Data to examine: Begin

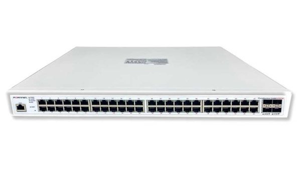 FortiGate entegrasyonlu, 48 portlu Gigabit PoE kurumsal ağ anahtarı.
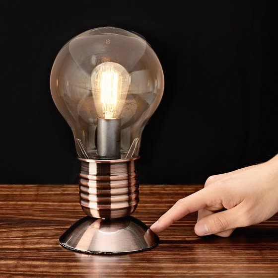 Rund 130 Jahre lang erhellte die „gute, alte“ Glühbirne Haushalte in aller Welt! Zur hellen Freude ihrer Anhänger ist sie jedoch trotz Abschaffung längst nicht passé. Im Gegenteil, diese bedeutende Erfindung des 19. Jahrhunderts hat heute Kultstatus erlangt: die beeindruckend schöne und dekorative EDISON-GLÜHLAMPE ist der Beweis! Ihr Korpus aus Echtglas ist einer riesigen Birne nachempfunden; in seinem Inneren sorgt eine Vintage-Glühbirne (Fassung E14, 25 W) für gemütliches und angenehm nostalgisches Ambiente. Dank moderner Touch-Technologie wählen Sie durch leichtes Antippen des Lampenfußes aus verchromtem Metall zwischen drei Lichtstärken oder schalten die Lampe aus. Maße: ca. H 24 x Ø 13 cm, Netzbetrieb. Edison-Birne mitgeliefert (Ersatz-Leuchtmittel separat erhältlich). Ein toller Blickfang für jeden Raum und ein Lichtobjekt mit „historischem Wert“!
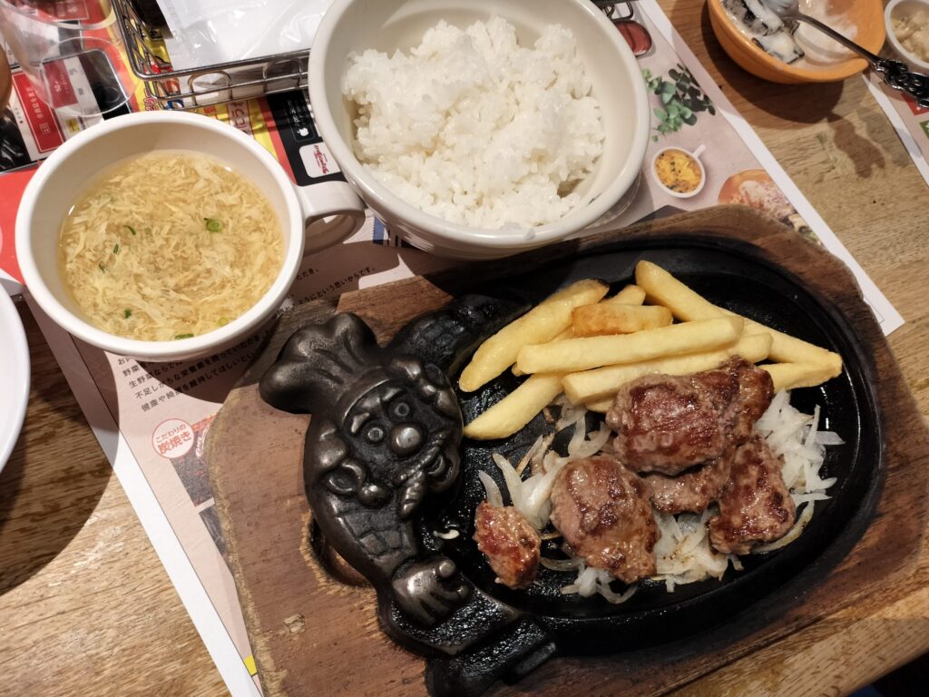 息子が頼んだおこさまステーキ。ごはんは普通盛りです。
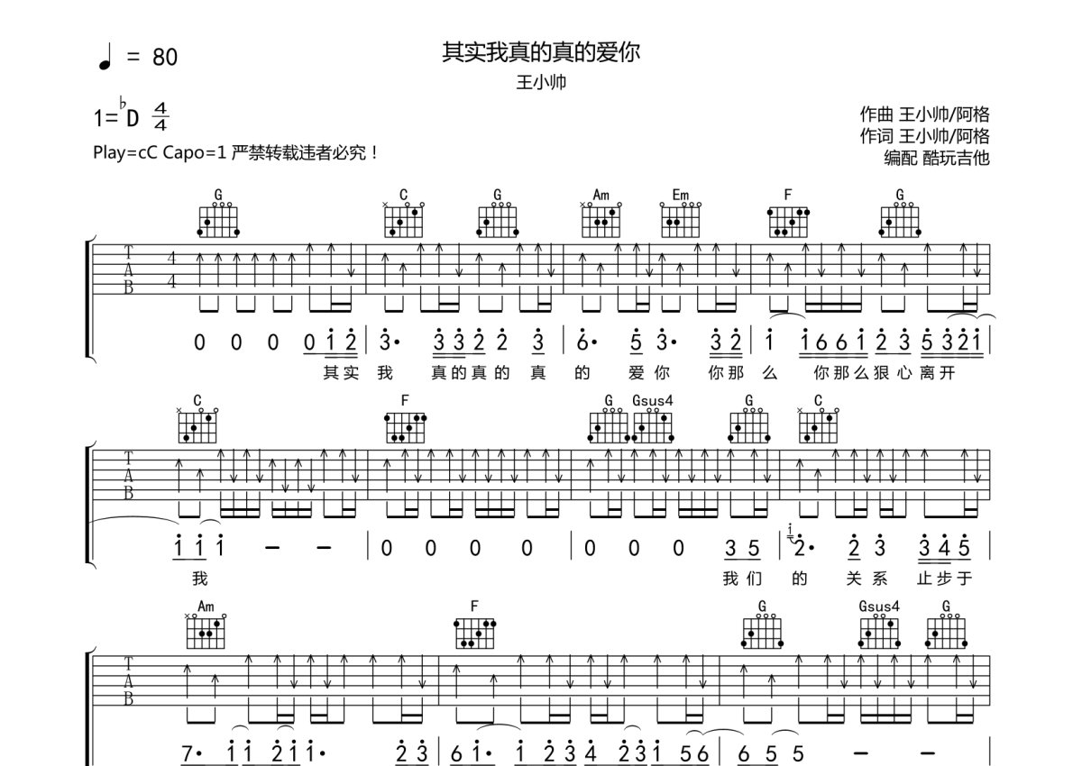 王小帅/阿格《其实我真的真的爱你》吉他谱 - C调弹唱六线谱
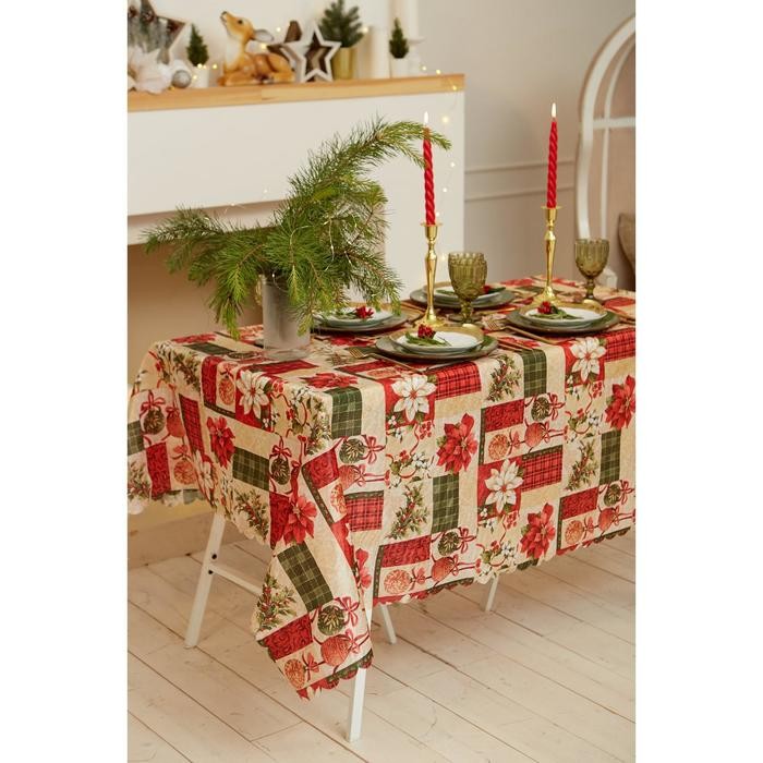Скатерть Доляна «Новый год: Новогодние игрушки» 145*300 +/- 2 см, 100% п/э
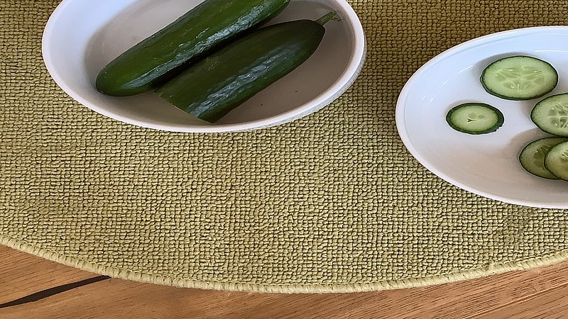 Es gibt sehr viele unterschiedliche Gemüsesorten. Die Kinder sortieren die jeweiligen Pärchen zusammen und sehen dabei den Unterschied beim Querschnitt. Im Anschluss daran probieren wir eine Gurke.
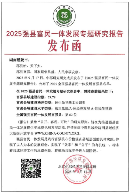 湖南之窗讯(供稿 丁祥军) 近日,国内权威县域经济研究机构北京中郡经济发展研究所发布了《2025强县富民一体发展专题研究报告》。在这份备受瞩目的榜单中,湖南省醴陵市成功入选“2025全国强县富民一体发展富强县”,在全国63个上榜县域中位列第62位,彰显了其在县域综合发展方面的显著成效。
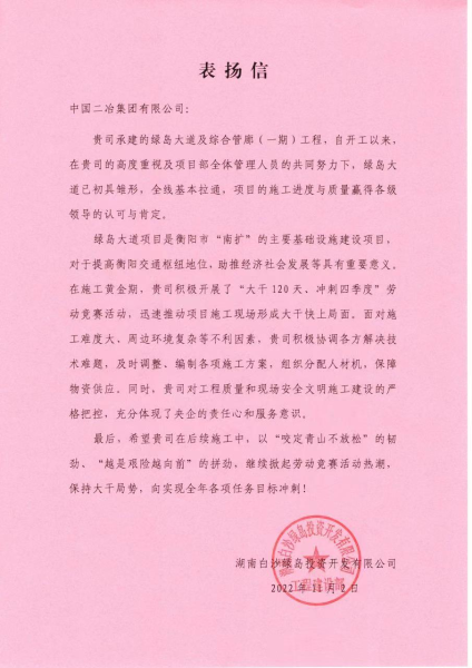 11月2日,湖南白沙綠島投資開發(fā)有限公司向中國二冶致表揚(yáng)信,對中國二冶湖南分公司承建的綠島大道及綜合管廊(一期)項(xiàng)目自開工以來能夠不畏艱難,保質(zhì)保量地完成綠島大道全線貫通任務(wù)提出表揚(yáng)。
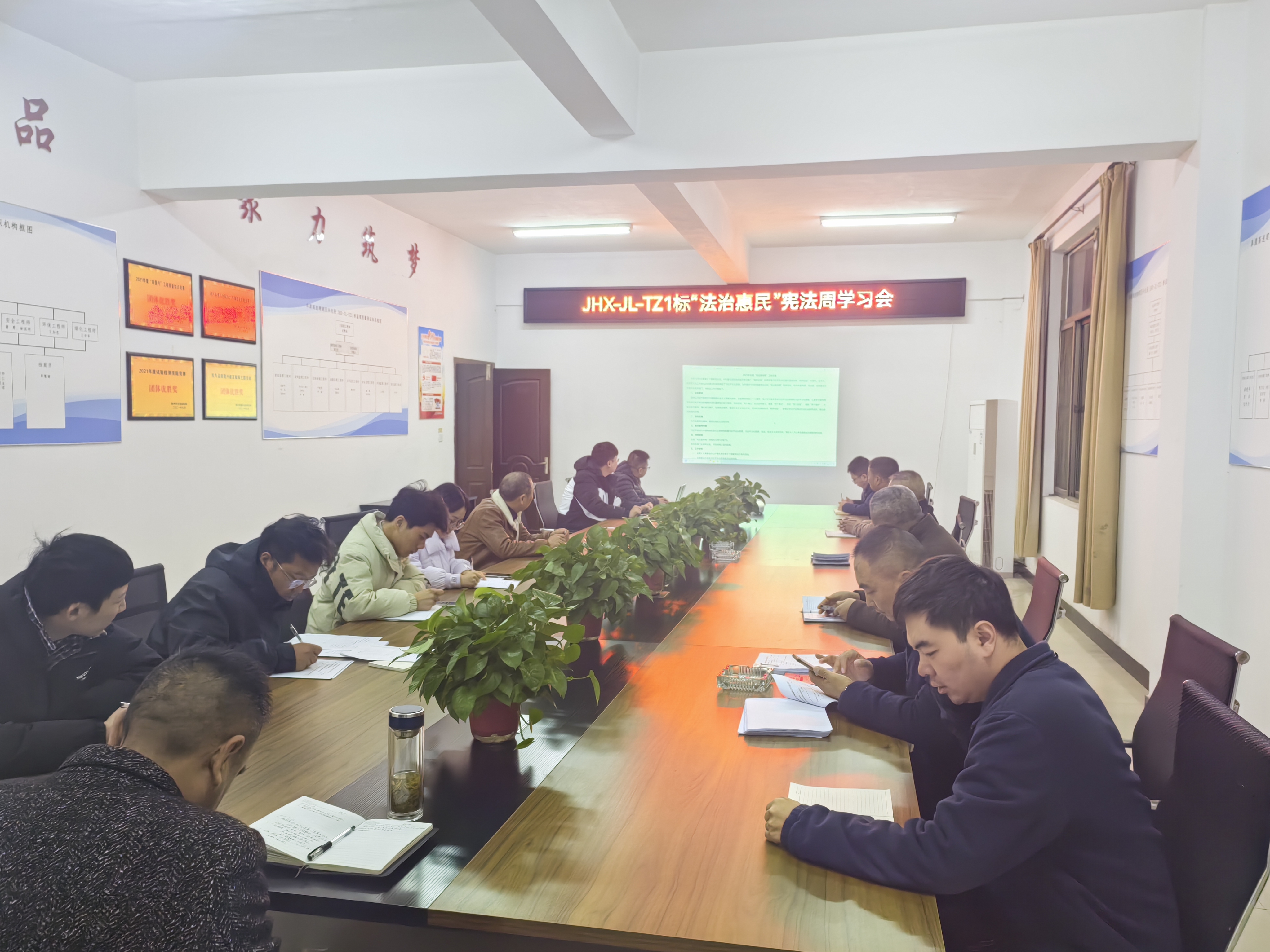 开展“法治惠民”宪法宣传周学习活动。走进监理公司阜溧高速泰州监理1标、盐阜快速通道YFDJL1标开展“法治惠民”宪法宣传周学习活动,与农民工共同学习宪法、民法典、以及与农民工生产生活密切相关的法律法规,还采用以案释法的普法形式开展反诈宣传,同时详细介绍如何下载并使用国家反诈中心APP,进一步提高农民工反诈意识和辨识诈骗的能力,鼓励并引导参会人员要引领身边人尊法学法守法用法。
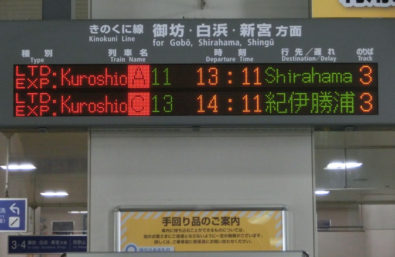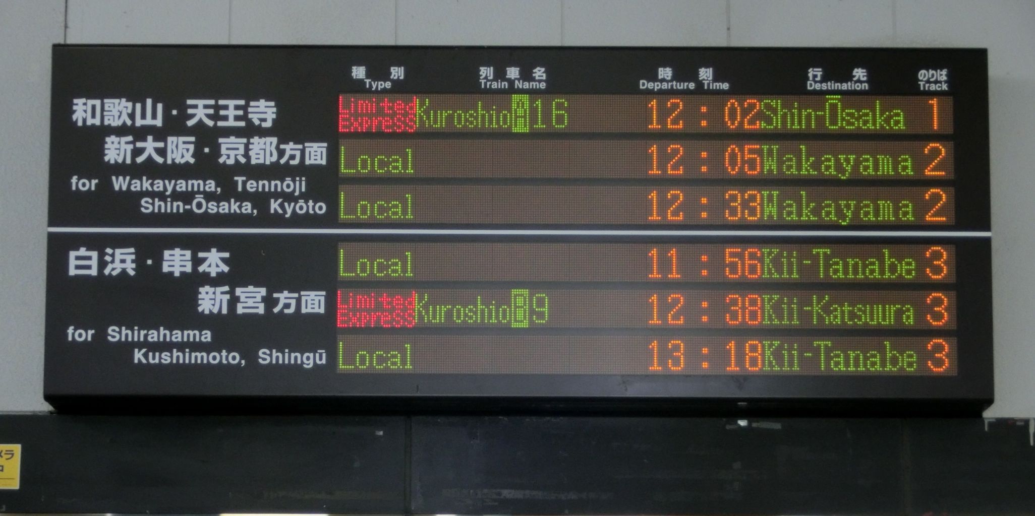 そこで今回、新大阪駅・天王寺駅・和歌山駅と きのくに線の特急停車駅で発車標の表示を撮影してきました。
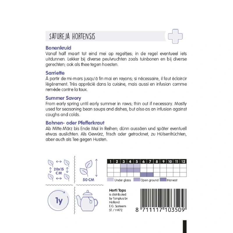 Horti Tops Bonenkruid Eenjarig (Satureja Hortensis) is een kruid dat gebruikt wordt als smaakmaker in gerechten. Met name is bonenkruid geschikt om gerechten met bonen en peulvruchten smaak te geven. Bonenkruid geeft een pittige, peperachtige smaak aan gerechten. De eenjarige variant zoals deze is milder van smaak dan meerjarig bonenkruid.

Data to examine: End

Instructions to follow
Write out the material above exactly; no pictures.

Exercise answer
 FortiGate entegrasyonlu, 48 portlu Gigabit PoE kurumsal ağ anahtarı.
 Rund 130 Jahre lang erhellte die „gute, alte“ Glühbirne Haushalte in aller Welt! Zur hellen Freude ihrer Anhänger ist sie jedoch trotz Abschaffung längst nicht passé. Im Gegenteil, diese bedeutende Erfindung des 19. Jahrhunderts hat heute Kultstatus erlangt: die beeindruckend schöne und dekorative EDISON-GLÜHLAMPE ist der Beweis! Ihr Korpus aus Echtglas ist einer riesigen Birne nachempfunden; in seinem Inneren sorgt eine Vintage-Glühbirne (Fassung E14, 25 W) für gemütliches und angenehm nostalgisches Ambiente. Dank moderner Touch-Technologie wählen Sie durch leichtes Antippen des Lampenfußes aus verchromtem Metall zwischen drei Lichtstärken oder schalten die Lampe aus. Maße: ca. H 24 x Ø 13 cm, Netzbetrieb. Edison-Birne mitgeliefert (Ersatz-Leuchtmittel separat erhältlich). Ein toller Blickfang für jeden Raum und ein Lichtobjekt mit „historischem Wert“!
 息子が頼んだおこさまステーキ。ごはんは普通盛りです。
 王小帅/阿格《其实我真的真的爱你》吉他谱 - C调弹唱六线谱
Скатерть Доляна «Новый год: Новогодние игрушки» 145*300 +/- 2 см, 100% п/э
 Es gibt sehr viele unterschiedliche Gemüsesorten. Die Kinder sortieren die jeweiligen Pärchen zusammen und sehen dabei den Unterschied beim Querschnitt. Im Anschluss daran probieren wir eine Gurke.
 湖南之窗讯(供稿 丁祥军) 近日,国内权威县域经济研究机构北京中郡经济发展研究所发布了《2025强县富民一体发展专题研究报告》。在这份备受瞩目的榜单中,湖南省醴陵市成功入选“2025全国强县富民一体发展富强县”,在全国63个上榜县域中位列第62位,彰显了其在县域综合发展方面的显著成效。
 11月2日,湖南白沙綠島投資開發(fā)有限公司向中國二冶致表揚(yáng)信,對中國二冶湖南分公司承建的綠島大道及綜合管廊(一期)項(xiàng)目自開工以來能夠不畏艱難,保質(zhì)保量地完成綠島大道全線貫通任務(wù)提出表揚(yáng)。
 开展“法治惠民”宪法宣传周学习活动。走进监理公司阜溧高速泰州监理1标、盐阜快速通道YFDJL1标开展“法治惠民”宪法宣传周学习活动,与农民工共同学习宪法、民法典、以及与农民工生产生活密切相关的法律法规,还采用以案释法的普法形式开展反诈宣传,同时详细介绍如何下载并使用国家反诈中心APP,进一步提高农民工反诈意识和辨识诈骗的能力,鼓励并引导参会人员要引领身边人尊法学法守法用法。
 そこで今回、新大阪駅・天王寺駅・和歌山駅と きのくに線の特急停車駅で発車標の表示を撮影してきました。
 Horti Tops Bonenkruid Eenjarig (Satureja Hortensis) is een kruid dat gebruikt wordt als smaakmaker in gerechten. Met name is bonenkruid geschikt om gerechten met bonen en peulvruchten smaak te geven. Bonenkruid geeft een pittige, peperachtige smaak aan gerechten. De eenjarige variant zoals deze is milder van smaak dan meerjarig bonenkruid.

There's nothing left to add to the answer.